> _Exercise aim_
Transcribe only the lines in the data below falling between the line with "得力/deli 6506 书写用笔类用具" and the line with "- ↑ Evans, David", including those two lines, and leave out any picture.

Data extracted from a collection
*** Begin section ***

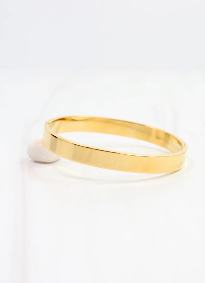 This metal bracelet has a shiny finish and a side clasp closure. It has a simple design that makes it great to wear with any outfit.
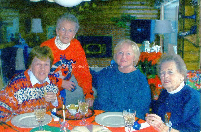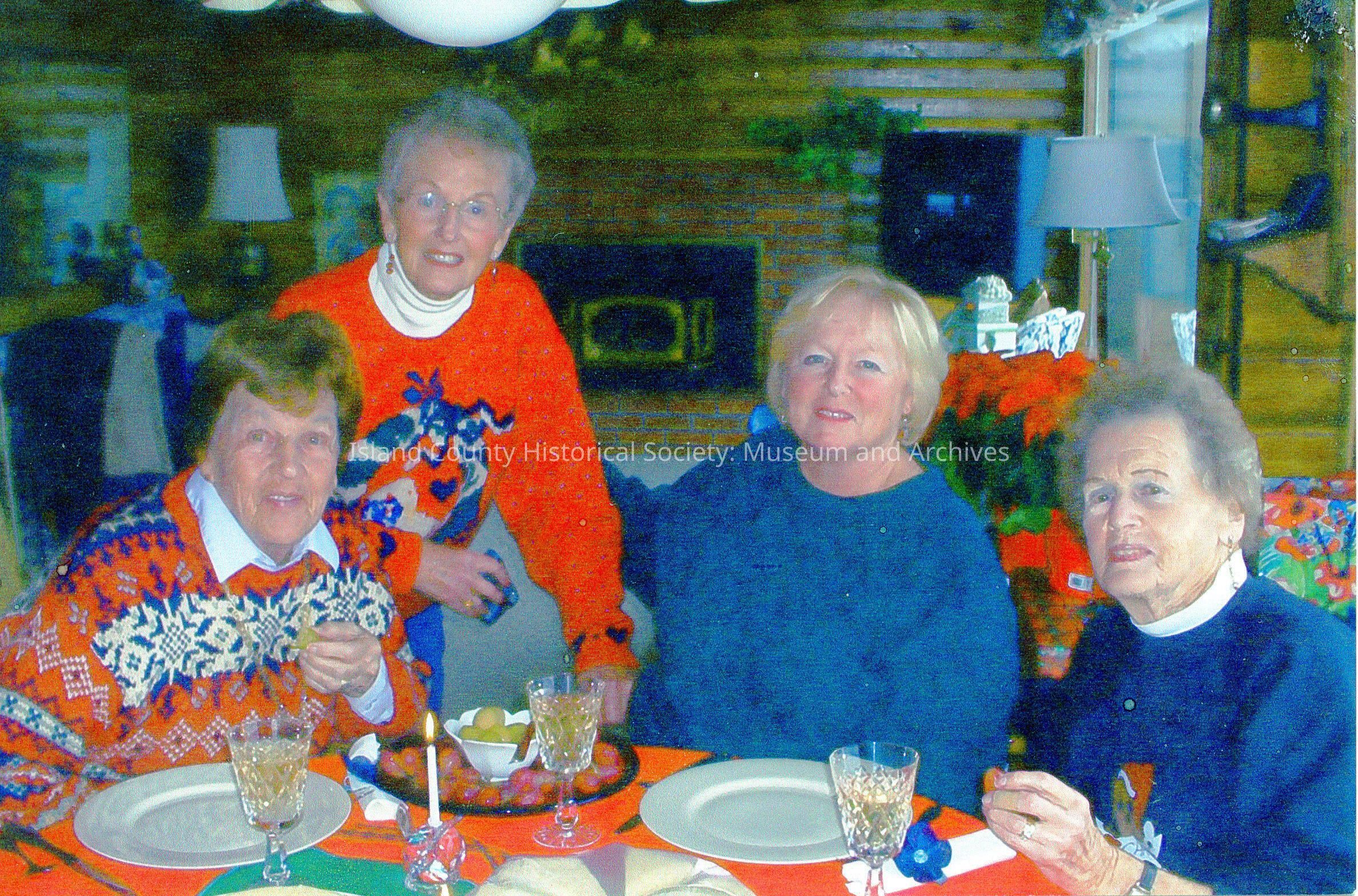 Color photograph of four women inside what appears to be a house, sitting around a dining table set for a meal. Three are seated, and one is standing. They all are wearing christmas sweaters. Ginger Bell Erickson on the left, Bonnie Bell Miller, Bonnie's daughter Jennifer Johnston, and Winnie Bell McLeod on the right. Taken in Bonnie's home on Bells Beach. Circa 2005.
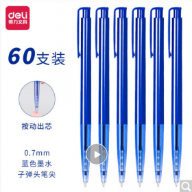 得力/deli 6506 书写用笔类用具 0.7mm按动60支圆珠笔中油笔 蓝色原子笔6506
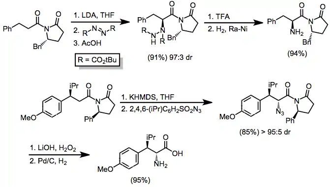 - ↑ Evans, David A.; Britton, Thomas C. (1987). "Electrophilic azide transfer to chiral enolates. A general approach to the asymmetric synthesis of α-amino acids". J. Am. Chem. Soc. 109 (22): 6881–3. doi:10.1021/ja00256a069.
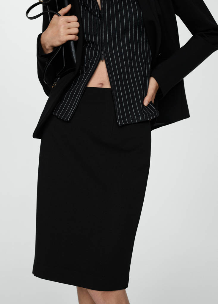 Pencil skirt with Rome-knit openingPrice historyInitial price struck through [€ 35.99 ]€ 35.99Current price [€ 23.99 ]€ 23.99-33%Select a colourBlackThe model is wearing size S and is 175cm tall.Select your sizeXXSNot available. I want it!XSNot available. I want it!SNot available. I want it!MNot available. I want it!LNot available. I want it!XLNot available. I want it!XXLNot available. I want it!DimensionsNotify mePunta di Roma knit fabric. Pencil design. Midi design. High waist. Invisible back zip fastening. Back slit detail. Total look. Office looks. Fitted designDetails, composition and careStore availability
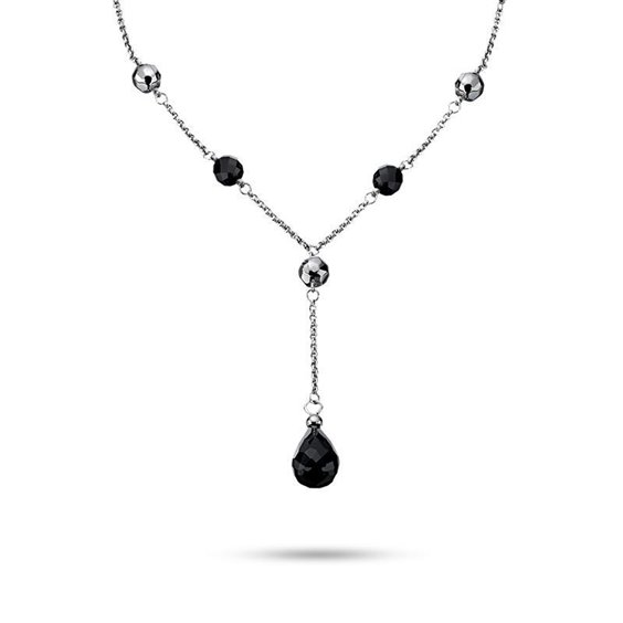 Collana donna in acciaio 316L , girocollo maglia rolò , lunghezza cm 42 , pendente cm 6 , onice nero sfaccettato. Immagine indicativa , la confezione può variare in forma e colore.
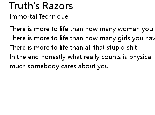 | Song | Truth's Razors |

*** End section ***

> _Completed task_
 得力/deli 6506 书写用笔类用具 0.7mm按动60支圆珠笔中油笔 蓝色原子笔6506
 - ↑ Evans, David A.; Britton, Thomas C. (1987). "Electrophilic azide transfer to chiral enolates. A general approach to the asymmetric synthesis of α-amino acids". J. Am. Chem. Soc. 109 (22): 6881–3. doi:10.1021/ja00256a069.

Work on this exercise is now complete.